One snowy day last week, I planned a rendezvous with my friends: 4 o’clock on the bridge. We wanted to go for a long walk through the snow-covered landscape, feel the cold air on our faces, linger under the heavy gray sky. I liked the sound of it: “Meet me at four o’clock on the bridge.” There is poetry in a meeting like that, and a sense of adventure. You walk out your front door, wrapped tightly in scarf and coat, and stumble down the snowy path, climbing banks and slipping on ice patches all the way. You walk there with your own two feet.

This is so much better than jumping in your car and driving through traffic to meet your friends at, say, the mall.

Heather, Kim and I reached the bridge, hugging the side of the road while snow plows and trucks whizzed by. We spotted Sandra and Joshua on the other side of the bridge, quite a striking pair: Sandra with her orange coat and pregnant belly and Joshua arrayed in a full-body camouflage suit. Meeting in the middle, we all turned to survey the scene from our vantage point high on the bridge.

The prospect before us looked like a black and white photograph. The hills rolled gracefully in flawless white. Trees rose starkly against the snow, brown-black and feathery. The sky above stretched endlessly beyond, filled with gray, ominous clouds.

Normally, when you walk outside you are greeted by a dizzying array of colors. Colors mixed up and juxtaposed wildly. The colors stimulate your mind. You hardly know where to look, or what to focus on first. When it snows, your eyes rest. You drink in the purity of the white snow. You gaze at the lovely black on white scene, and you feel peaceful. Pure, unadulterated color. Or, one might say, the lack of it.
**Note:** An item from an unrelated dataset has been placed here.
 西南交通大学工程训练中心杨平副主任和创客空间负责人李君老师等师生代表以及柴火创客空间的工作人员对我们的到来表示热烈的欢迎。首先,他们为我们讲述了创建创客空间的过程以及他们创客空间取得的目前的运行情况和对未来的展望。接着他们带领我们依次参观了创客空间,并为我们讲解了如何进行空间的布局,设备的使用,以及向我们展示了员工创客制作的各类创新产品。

Moments later, our friend Ben appeared wearing a bright green hat. Last of all, Phil and Rebecca arrived. The crew had assembled. Joshua proposed a photography competition. We all would be on the look out for the perfect shot. Later, we would vote on who took the best one. So we all hunted for the best shots. We haven’t voted yet. Will the winner be the picture of the gravestone covered in snow? Or the mud icicles? Or the orange sunset glowing on the snow?

We walked through Wasena park, by the railroad tracks and the skateboard park. We ambled, pausing every few steps to throw snowballs or examine a dead frozen squirrel buried under the snow or throw a few cartwheels. We felt free.
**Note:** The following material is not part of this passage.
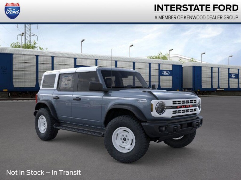 2025 Ford Bronco 4D Sport Utility Heritage Edition 20 Azure Gray Metallic Tri-Coat 2.7L EcoBoost V6 4WD Price includes: Although every reasonable effort has been made to ensure the accuracy of the information contained on this site, absolute accuracy cannot be guaranteed. All vehicles are subject to prior sale. Price does not include applicable tax, title, license, and a $387.00 documentation fee or other fees required by law, lending institutions, and/or lessors. Vehicles shown at different locations are not currently in our inventory (not in stock) but can be made available at our location within a reasonable time after your request. Listed APR, down payment, payments, incentives and other terms are estimates for example purposes only. The payment information provided here is not a commitment by any organization to provide credit, leases or other programs. Some customers may not qualify for listed programs.$1500 - Retail Bonus Cash. Exp. 01/05/2026

The path led us under an overpass. Next to the path, the river flowed by, dark and quiet. I walked over to the edge of the water and stood still to listen. Over my head, cars rushed by … whoosh. Tires hit bumps in the road with accented clicking sounds. Down below, the water flowed and whispered. As the bridge amplified these voices, they echoed all around me: the clatter and swish of the cars and the whisper and drift of the river. I closed my eyes. It was a symphony.

We continued down the path. Sunset blazed orange and pink at the horizon. The snow turned blue, then gray. We walked slowly home, nourished by exercise, beauty, and friendship.